The OLED panels may one day be useful for indoor lighting that is easier on the human eye and saves energy; thereby reducing greenhouse gasses produced from making electricity. The development by the team of researchers enables a white-light OLED panel to emit the same light wavelengths as natural sunlight. This is accomplished by varying the voltage to the panel.
Jou said, “By varying the voltage through the OLED panel from three to nine volts can produce ambient light simulating natural light that changes from dawn to dusk. Truly there is genius in simplicity as this plain driver-IC can automatically modulate the voltage to render any desired color temperature between 2200 and 8000 K anytime.”
The OLED panel emits light via electroluminescence. The panel has a voltage applied across the electrodes to motivate the electrons in the semiconducting layer near the panels cathode. The electrons are then released near the anode and leave behind positively charged holes and the electrons can then fill these holes and emit photos that produce light.

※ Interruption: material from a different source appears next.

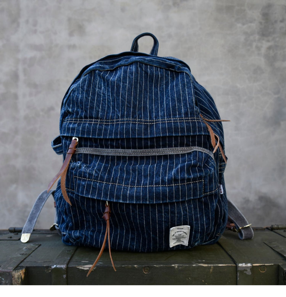 Style: Blue Denim Backpack for Women Striped Jean Backpack Mens Striped Backpack
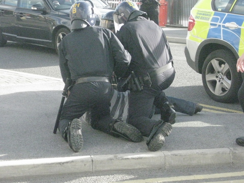 As I stood there, a car bearing a palestinian flag pulled up nearby with a few asian lads inside who got out and waved the flag. The coach opposite then displayed a large israeli flag in its front window, and the EDL supporters inside began hammering on the windows. The main police presence was either winding down or channeling the remaining fascists onto their coaches, and a group of about 6 EDL sprang from the coach and ran at the position we were standing in. With one EDL supporter about 2 metres from myself, fists raised, he was taken out by a baton charge from the right and arrested. Another was arrested and the remainders were taken back to their coach.

LEDs are currently being used for indoor lighting, but the OLED technology promises to be thinner and consume less power. OLED lighting is already available from Lumiotech. The company is the only global supplier of OLED lighting, but its lights produce only one wavelength of light that is akin to sunlight on a cloudy day.
According to the researchers, OLED lighting may be ten times more energy efficient than current incandescent lights and as much as three times more efficient than currently used CCFL lighting. Research on OLEDs for lighting has been underway for years and the lumens of light produced per watt have increased significantly over the years. OLED light panels are expected to produce 50 lumens per watt in 2011. Much research is going into OLED panels for lighting and other uses.
In July of 2008, researchers made a breakthrough that led to brighter OLED panels producing 70 lumens per watt.